'''

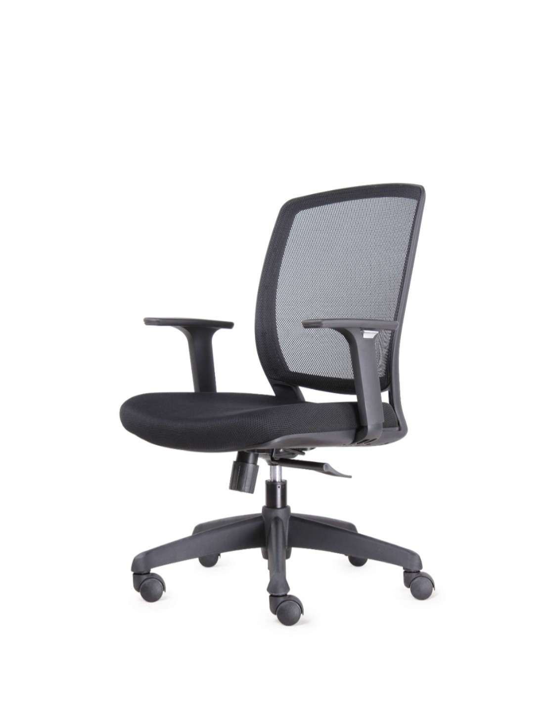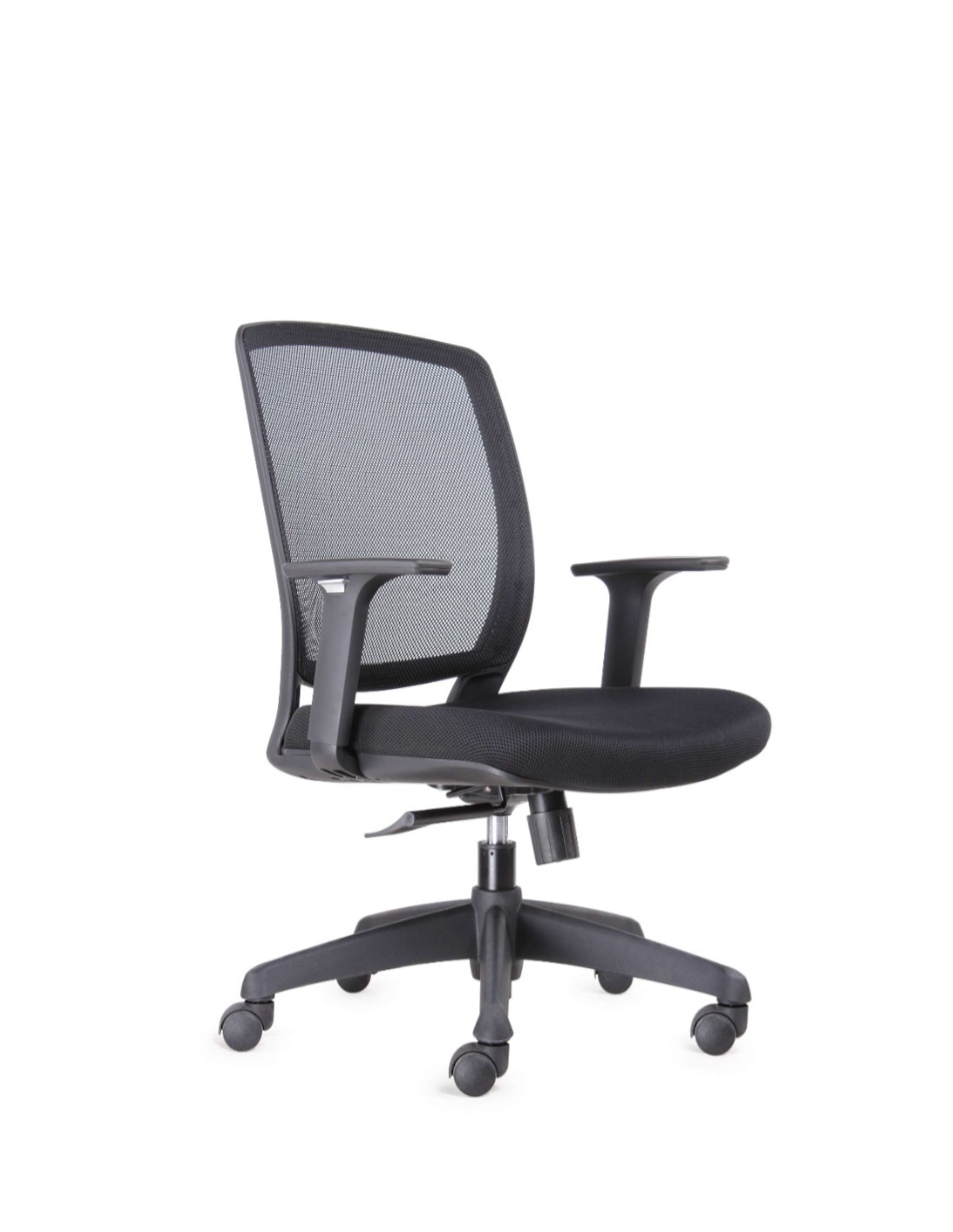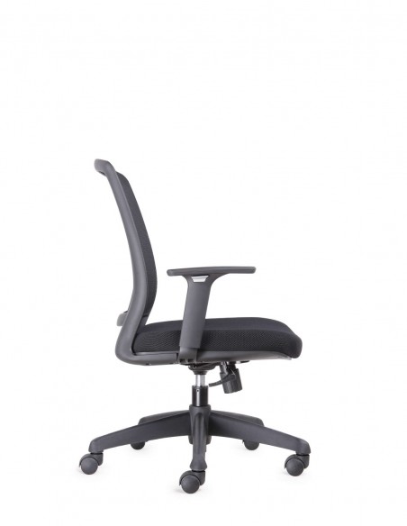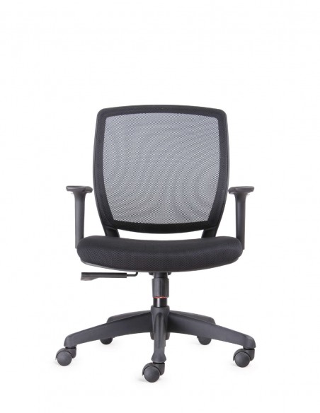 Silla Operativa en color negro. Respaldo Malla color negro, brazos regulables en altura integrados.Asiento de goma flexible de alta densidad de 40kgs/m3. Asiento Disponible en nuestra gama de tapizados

'''
'''

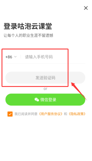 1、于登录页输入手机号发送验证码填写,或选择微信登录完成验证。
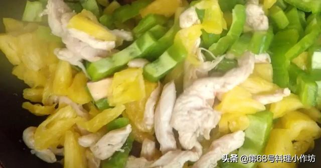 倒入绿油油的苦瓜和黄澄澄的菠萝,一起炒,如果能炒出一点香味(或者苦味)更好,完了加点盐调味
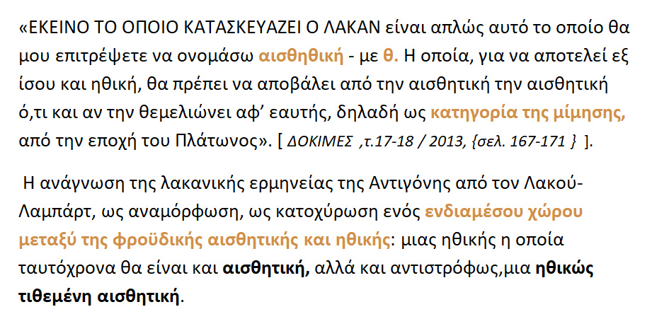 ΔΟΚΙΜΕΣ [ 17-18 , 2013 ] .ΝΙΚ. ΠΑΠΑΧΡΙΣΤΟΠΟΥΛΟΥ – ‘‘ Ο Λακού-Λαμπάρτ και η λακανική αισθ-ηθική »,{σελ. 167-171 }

'''

### PROBLEM DETAILS
What should come back is an exact copy of the lines above from the line with "1、于登录页输入手机号发送验证码填写,或选择微信登录完成验证。" to the line with "ΔΟΚΙΜΕΣ [ 17-18", both included, minus the pictures.

### ANSWER BOX
 1、于登录页输入手机号发送验证码填写,或选择微信登录完成验证。
 倒入绿油油的苦瓜和黄澄澄的菠萝,一起炒,如果能炒出一点香味(或者苦味)更好,完了加点盐调味
 ΔΟΚΙΜΕΣ [ 17-18 , 2013 ] .ΝΙΚ. ΠΑΠΑΧΡΙΣΤΟΠΟΥΛΟΥ – ‘‘ Ο Λακού-Λαμπάρτ και η λακανική αισθ-ηθική »,{σελ. 167-171 }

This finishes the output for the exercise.